Under Pennsylvania law, an action to recover damages for injuries that are caused by asbestos exposure must be commenced within two years of the diagnosis. This period of time will begin to run when the injury is known, diagnosed, or can be reasonably ascertained. Dalrymple v. Brown, 549 Pa. 217, 701 A.2d 164 (1997). This diagnosis will mark the time when the plaintiff could have first maintained a cause of action to a successful *220conclusion. Kapil v. Association of Pennsylvania State College and University Faculties, 504 Pa. 92, 470 A.2d 482 (1983). Plaintiff was within the two-year time limit when he filed each of his actions.
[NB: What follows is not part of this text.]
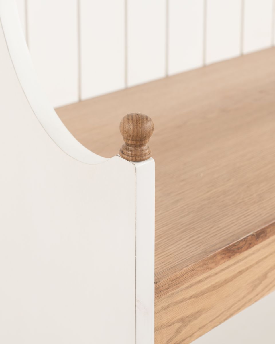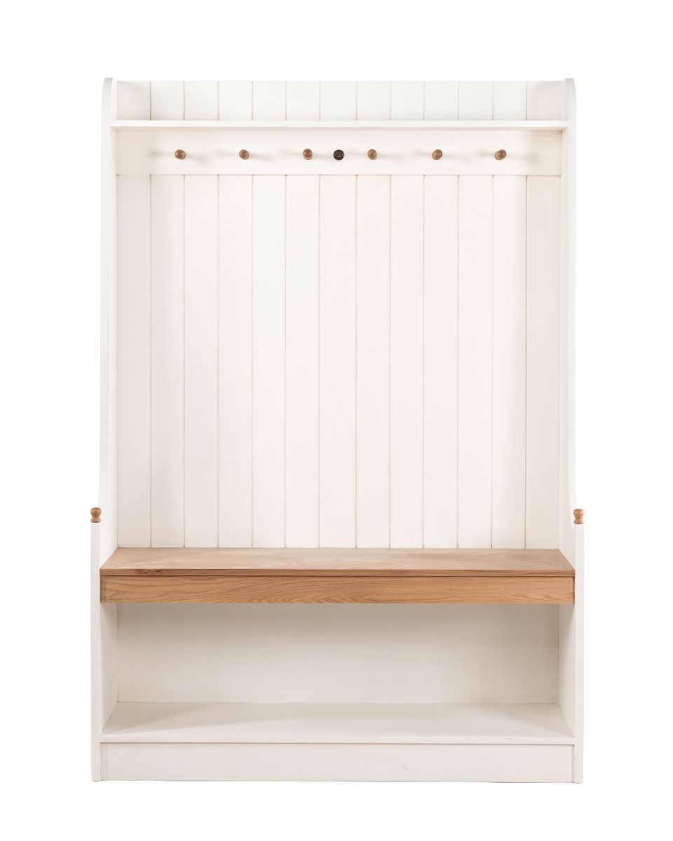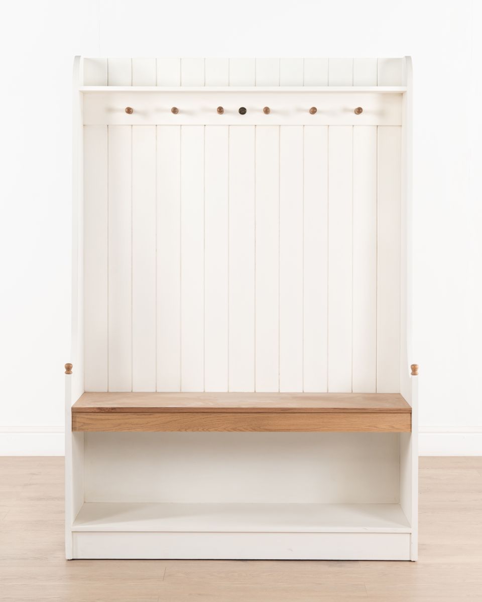 Bring classic country charm and everyday practicality into your home with the Hampshire Coat Stand. Thoughtfully designed with a tall panelled back, a solid Weathered Oak seat, and beautifully sculpted Antique White framing, this piece adds warmth, character, and effortless organisation to any entryway, mudroom, or bedroom.

While the plaintiff is correct is noting that the court in Marinari has proclaimed that asbestos-related pleural disease, pulmonary asbestosis, and lung cancer are separate and distinct diseases, Marinari, 417 Pa. Super, at 448, 612 A.2d at 1025, this court disagrees that the Marinari court intended to permit the recovery for a second nonmalignant asbestos action. Plaintiff fails to understand that while his conditions are separate and distinct, they are identical causes of action also characterized by identical symptoms. The 1999 diagnosis by Dr. Altschuler clearly states that plaintiff’s symptoms relating to that condition included shortness of breath. Shortness of breath, of course, is one of the symptoms that Dr. Gelfand asserted were associated with plaintiff’s 1993 diagnosis. If Mr. Gatling’s subsequent 2000 claim were to be allowed, he would be bringing the same cause of action, namely damages for a symptomatic nonmalignant asbestos-related condition, which contains the same factual basis as his prior cause of action which has been fully tried and decided by a competent jury. It appears that the plaintiff is attempting to recover from essentially the same harm in separate suits.
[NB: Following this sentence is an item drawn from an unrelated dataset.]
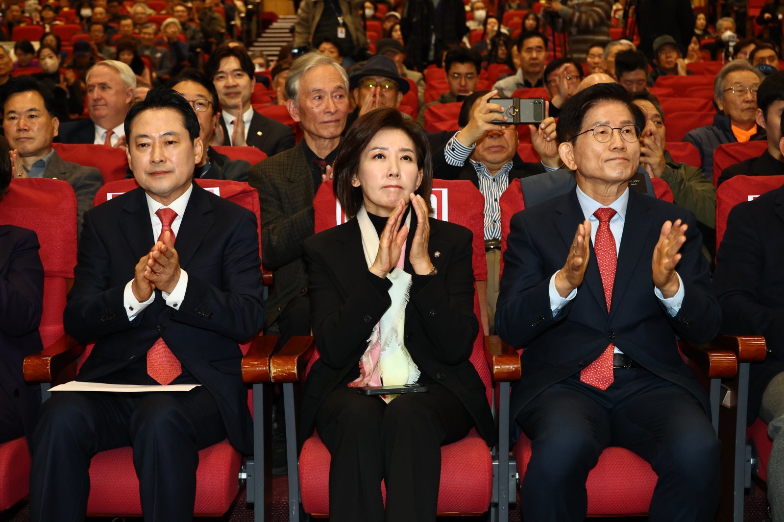 [서울=뉴시스] 김명년 기자 = 장동혁(왼쪽부터) 국민의힘 대표와 나경원 의원, 김문수 전 대선후보가 26일 오전 서울 여의도 국회 의원회관에서 열린 ‘1905-1945 독립외교 40년 이승만의 외로운 투쟁’ 시사회에서 박수치고 있다. 2025.11.26 뉴시스
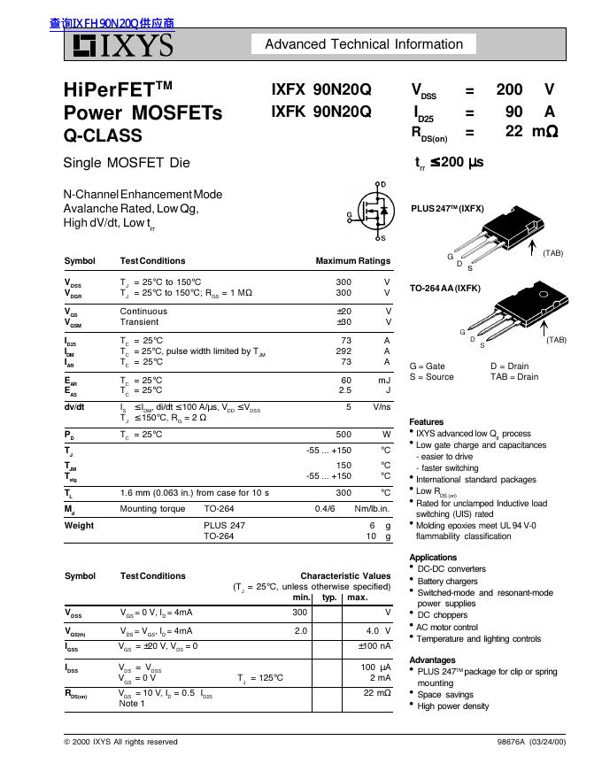 IXYS IXFX 90N20Q/IXFK 90N20Q 数据手册.pdf

It is important to note that the separate disease rule was adopted essentially to create a distinction between separate nonmalignant and malignant asbestos-related diseases. Only a narrow exception to pte-Gijfear plaintiffs who had not filed asymptomatic nonmalignant pleural thickening claims, and have subsequently incurred further asbestos-related symptoms has been allowed. See *221McCauley, supra. Plaintiff falls outside of that exception in this case. “Therefore we today join a majority of jurisdictions which have responded to this difficult issue by holding that an asbestos plaintiff may assert, in a second lawsuit, a claim for a distinct, separate disease if and when it develops at a later time.” Marinari, 417 Pa. Super, at 453-54, 612 A.2d at 1028. The purpose of this rule was not to create separate causes of action for plaintiffs at different stages of their symptomatic nonmalignant asbestos-related diseases. “In such actions, recovery can be had in a first action only for a disease which has already manifested itself from the exposure to asbestos and the natural predictable progression, if any, of that disease. If additional injuries from a separate disease manifest themselves in the future, such injuries will support a second action.” Id. at 445, 612 A.2d at 1123.

This court finds the jury decision in plaintiff’s 1988 action is a bar to any further claims for damages resulting from his symptomatic, nonmalignant, asbestos-related lung diseases under the principle of res judicata.

In consideration of the analysis set forth above, this court finds that the defendant’s preliminary objections were properly granted.